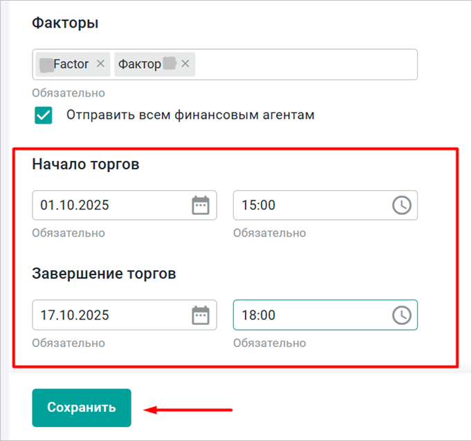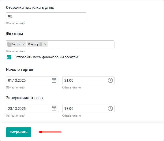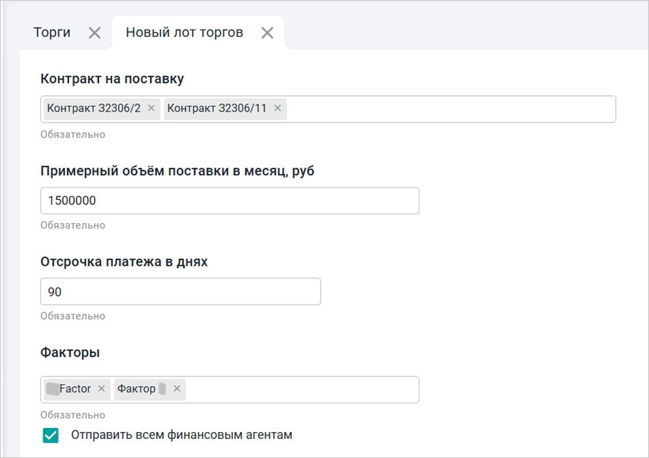 В списке отображаются все факторы, подключенные к маркетплейсу. При необходимости есть возможность отправить лот всем факторам с помощью чек-бокса «Отправить всем финансовым агентам»: поле «Факторы» заполнится автоматически с возможностью редактирования участников.
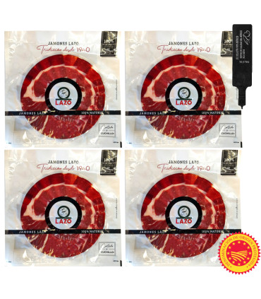 pack de 4 sobres de Jamón de bellota 100% ibérico con Denominación de Origen Protegida Jabugo loncheado 100 gr
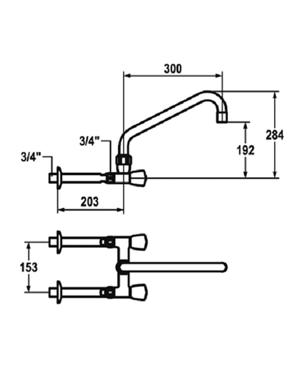 Gastro mélangeur mural croisillons coronachrom en métal. détach. sièges en acier inox clapets plats M 20 x 1,25 bec orientable avec presse-étoupe resserrable embout brise-jet raccords sans pointeaux d'arrêt ¾" x ¾" L 160 saillie 300mm 115.0315.676

*GOAL OF THE EXERCISE*
Return the listing above in full and exactly, omitting all pictures.

*YOUR SOLUTION*
 В списке отображаются все факторы, подключенные к маркетплейсу. При необходимости есть возможность отправить лот всем факторам с помощью чек-бокса «Отправить всем финансовым агентам»: поле «Факторы» заполнится автоматически с возможностью редактирования участников.
 pack de 4 sobres de Jamón de bellota 100% ibérico con Denominación de Origen Protegida Jabugo loncheado 100 gr
 Gastro mélangeur mural croisillons coronachrom en métal. détach. sièges en acier inox clapets plats M 20 x 1,25 bec orientable avec presse-étoupe resserrable embout brise-jet raccords sans pointeaux d'arrêt ¾" x ¾" L 160 saillie 300mm 115.0315.676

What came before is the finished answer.